The Chiefs are without two starting corners. How they manage to keep getting by
Regular meetings separate Chiefs players based on position, same as every other team, and eventually those rooms take on their own personalities. Position coaches develop mottos for their groups. They repeat motivational phrases. They echo reminders over and over again.
In training camp, the secondary latched onto a specific one.
“Stay ready. So you don’t have to get ready.”
How fitting.
While the Chiefs have largely avoided the rash of absences to engross the NFL, the secondary serves as the exception. One of their starters from last year’s Super Bowl, Bashaud Breeland, opened the season on a four-game suspension that stretches through Monday’s game against the Patriots. That left Charvarius Ward and rookie L’Jarius Sneed as the starters on the outside, and both have fractured bones in the first three weeks.
Sneed will miss some time with a fractured clavicle. Ward missed one week with a fractured hand but returned in Week 3 — with a cast wrapping the hand.
“Things happen. You look around the landscape of the league right now, there’s a lot of guys going down,” Chiefs defensive backs coach Sam Madison said. “We’re just picking up the pieces when they do fall. We’re going to rely on these corners. Coach (Steve Spagnuolo) is not going to change his defensive concepts. He’s going to put these guys in position to challenge themselves.”
The absences have been plentiful at cornerback — the top-three men on the depth chart have missed time — but the secondary hasn’t missed a beat. The Chiefs have allowed 608 passing yards this season, fourth lowest in football. Ravens quarterback Lamar Jackson managed only 97 yards Monday, even though he attempted 27 passes.
The Chiefs bypassed a reactionary roster move, instead riding it out with the guys they got, with Breeland eligible to return from his suspension next week. Rashad Fenton has filled in on the outside, and Madison called his play “phenomenal.”
But the success revolves around a player on the roster not even listed as a cornerback.
Tyrann Mathieu.
The leader of the Chiefs defense, technically a safety, became more and more versatile as last season progressed in Spagnuolo’s defense, and he’s rolled that over into 2020. He’s played more snaps at slot cornerback than anywhere else this season — 86 of them in the past two weeks alone, according to Pro Football Focus.
The Chiefs are playing most snaps — even passing downs — with just two true cornerbacks on the field.
Kind of.
“We have another corner that’s playing safety in Tyrann,” Madison said. “So it’s really fun to be able to put him in a different position and being able to have that hybrid-type player.”
Adapt and adjust. A sixth-round pick in 2019, Fenton actually played inside corner more than anywhere else as a rookie. But with the injuries —first to Ward and now to Sneed — he’s shifted outside the hashmarks.
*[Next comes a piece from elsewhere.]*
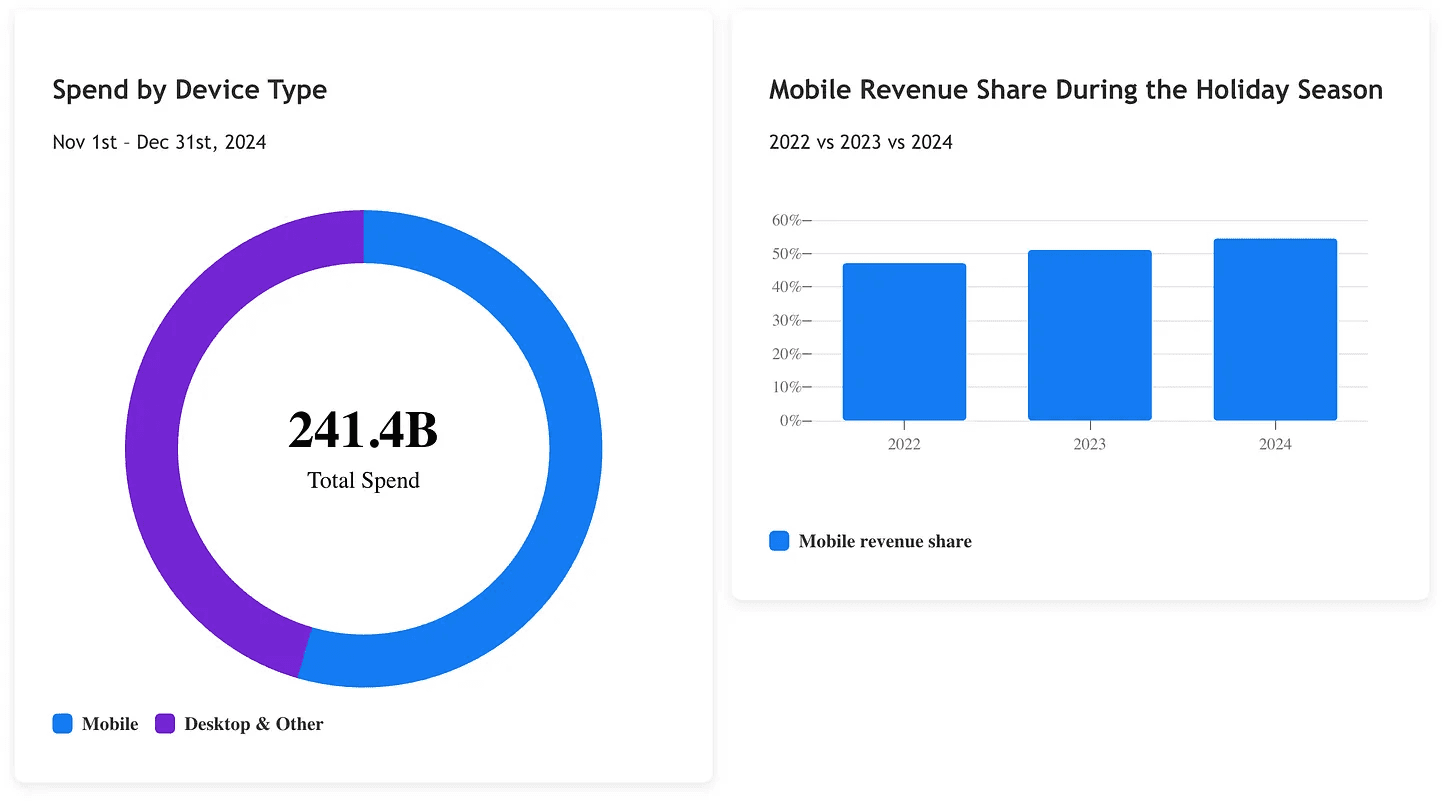 In the US, mobile accounts for 54.5% of all online shopping, reaching peak of 65% on Christmas Day. However it’s worth mentioning that conversion rates are higher on desktop.
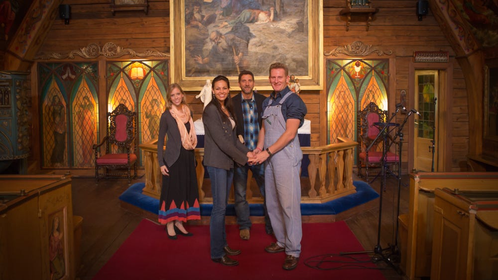 On our ten-year wedding anniversary, we were on tour in Sweden with Dwight Yoakam. So we renewed our vows in a 300 year old chapel with Aaron and Heidi by our sides.

It’s been a patchwork solution, one that could be further tested Monday even though starting QB Cam Newton is out. The Patriots’ coaching staff is known to exploit weaknesses.
A team playing without two of its top-three cornerbacks? That would qualify.
Usually.
“We’ve thrown a lot of different things at these guys, and they just respond,” Madison said. “... They know they’re going to be relied on a lot, playing man-to-man and playing different zones and all the different things we do. They’re up to the challenge. That’s the one great thing — they never back down from a challenge.”